Dez fases antes, a operação já havia tentando, mas Sérgio Moro conteve o ímpeto do Ministério Público Federal, que havia pedido a prisão de Leonardo Atuch, um dos responsáveis pelo Brasil 247. Em agosto de 2015, o juiz até concordou que de fato houve pagamento de propinas à Editora 247, mas ponderou que seria necessário um aprofundamento maior das investigações.
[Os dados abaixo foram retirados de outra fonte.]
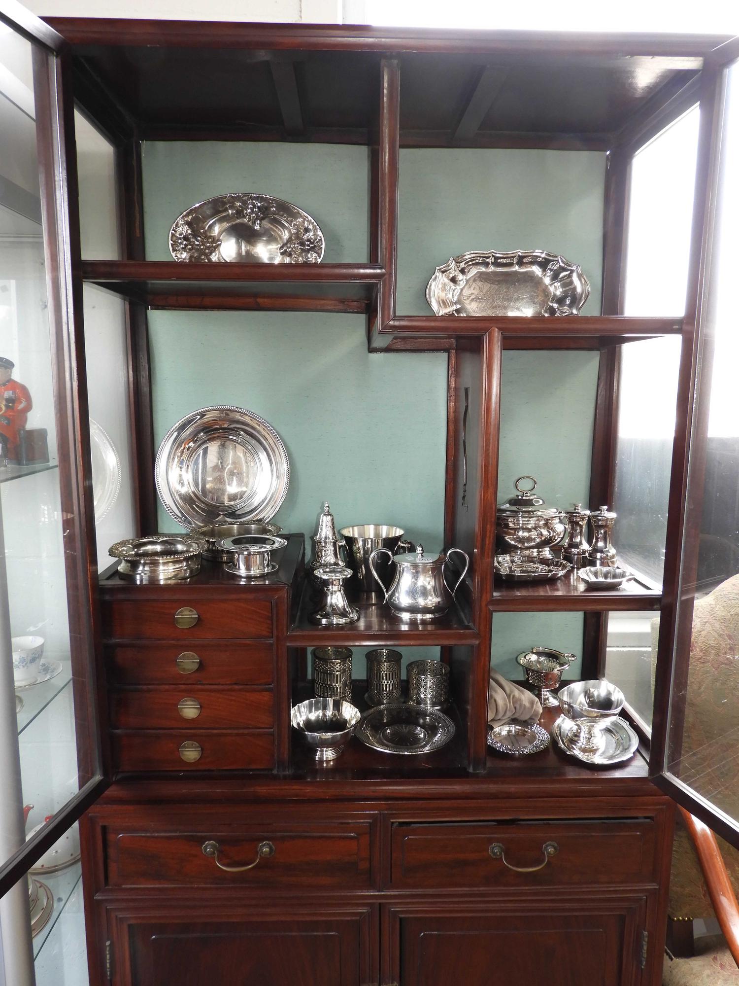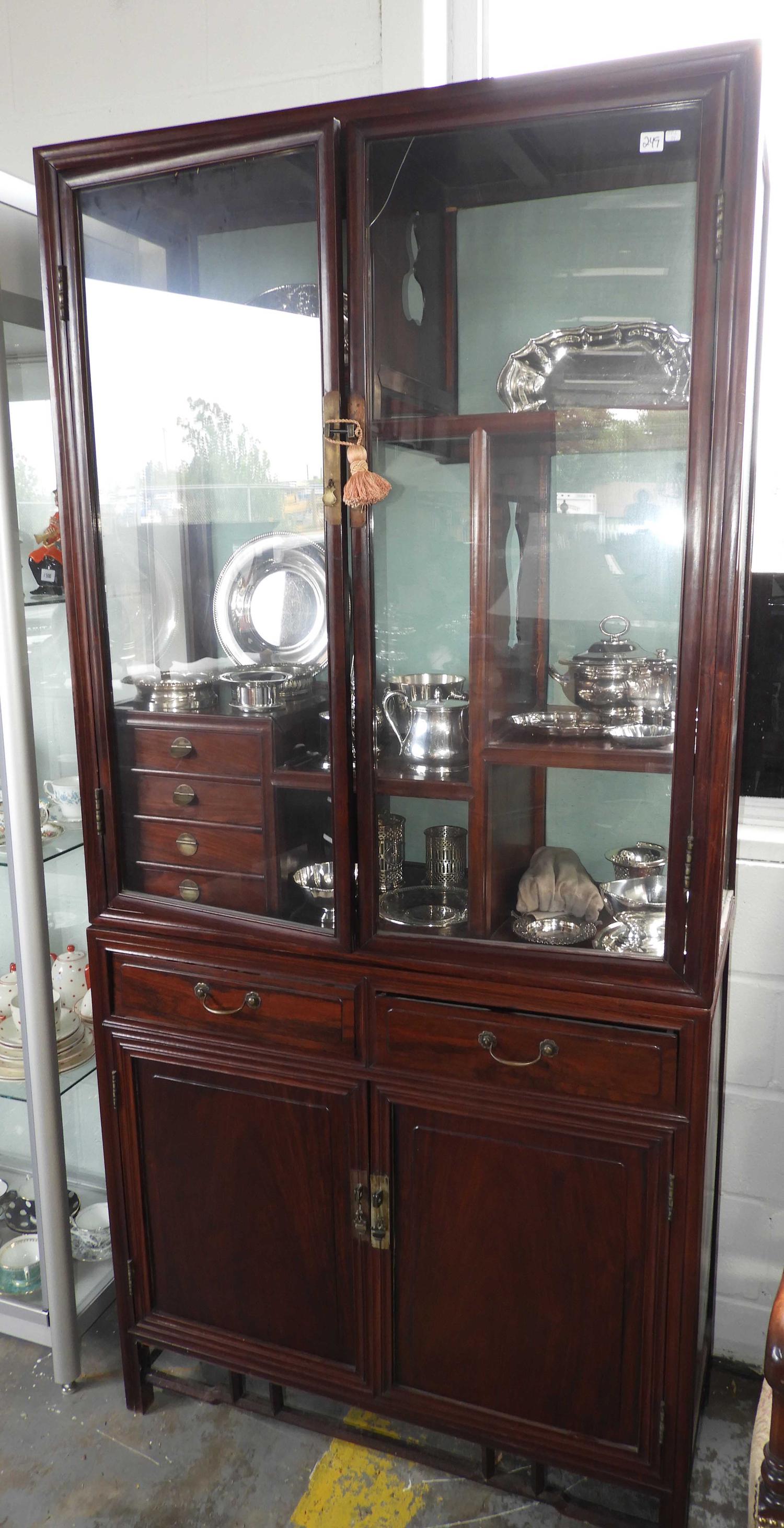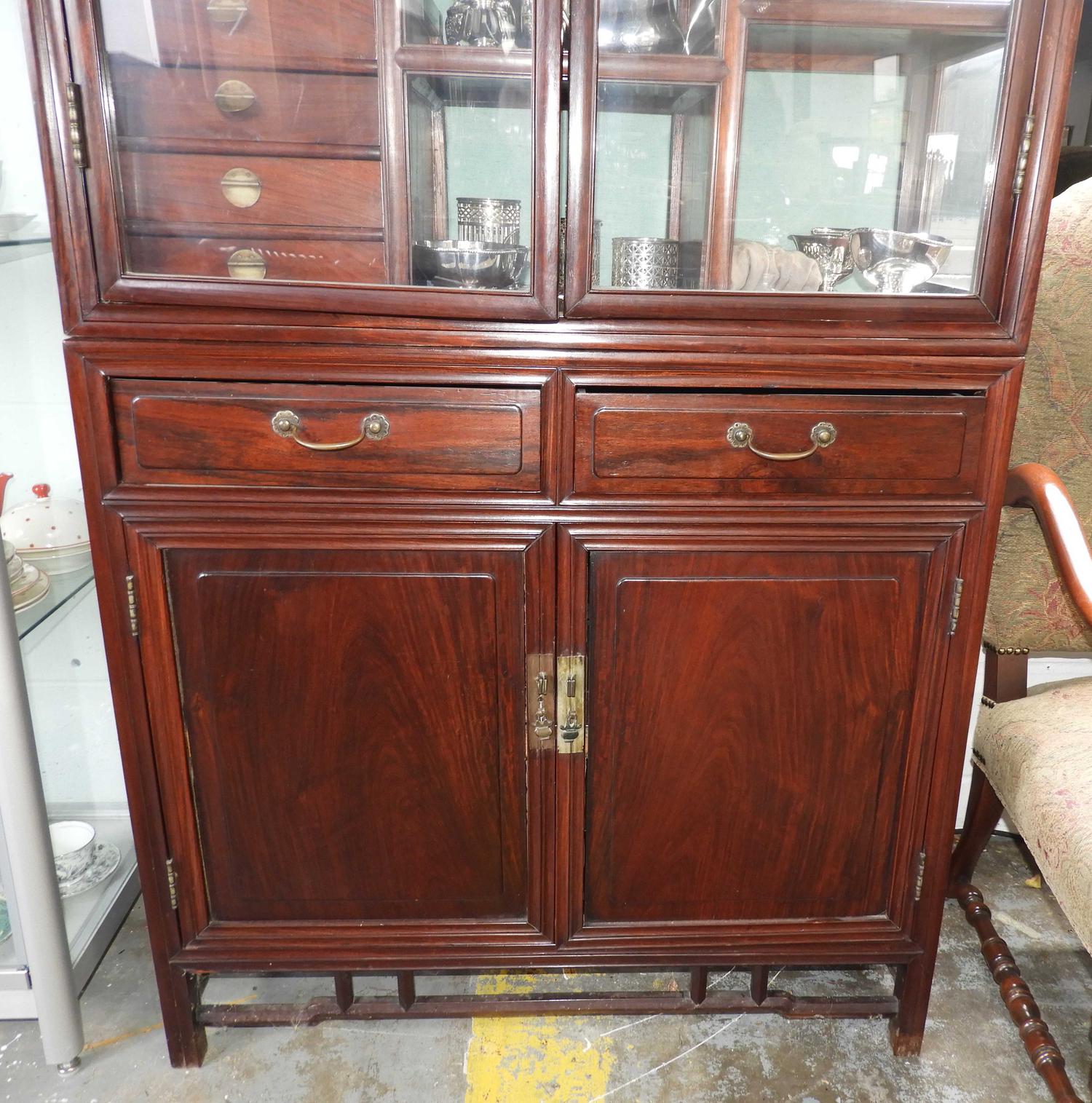 chinese two piece glazed hardwood display cabinet

Hoje, ao que tudo indica, o aprofundamento chegou ao necessário. O jornalista Breno Altman, diretor do Opera Mundi e da revista Samuel, além de colunista do mesmo Brasil 247, foi conduzido coercitivamente. Mas o alvo principal, Ronan Maria Pinto, não só foi preso temporariamente, como teve o seu Diário do Grande ABC alvo de uma busca e apreensão.

Trata-se de um movimento arriscado pois, como ensinou o próprio Sérgio Moro no artigo publicado em 2004 sobre a Mãos Limpas, a imprensa é uma ferramenta primordial para fortalecer a conta dos investigadores junto à opinião pública. É a popularidade na casa dos 90% que protege a vida não só do juiz, mas de todos os promotores envolvidos na Lava Jato. Um arranhão em qualquer um desses personagens e o governo cai.

Cabe agora observar se esse foi um movimento isolado ou uma tendência a ser seguida. Cabe também ficar de olho na reação das redações. No geral, jornalista é tão corporativista como qualquer outra categoria e isso pode se voltar contra a investigação, mesmo que o esforço de certas publicações em ainda defender um governo tão corrupto levante infinitas suspeitas.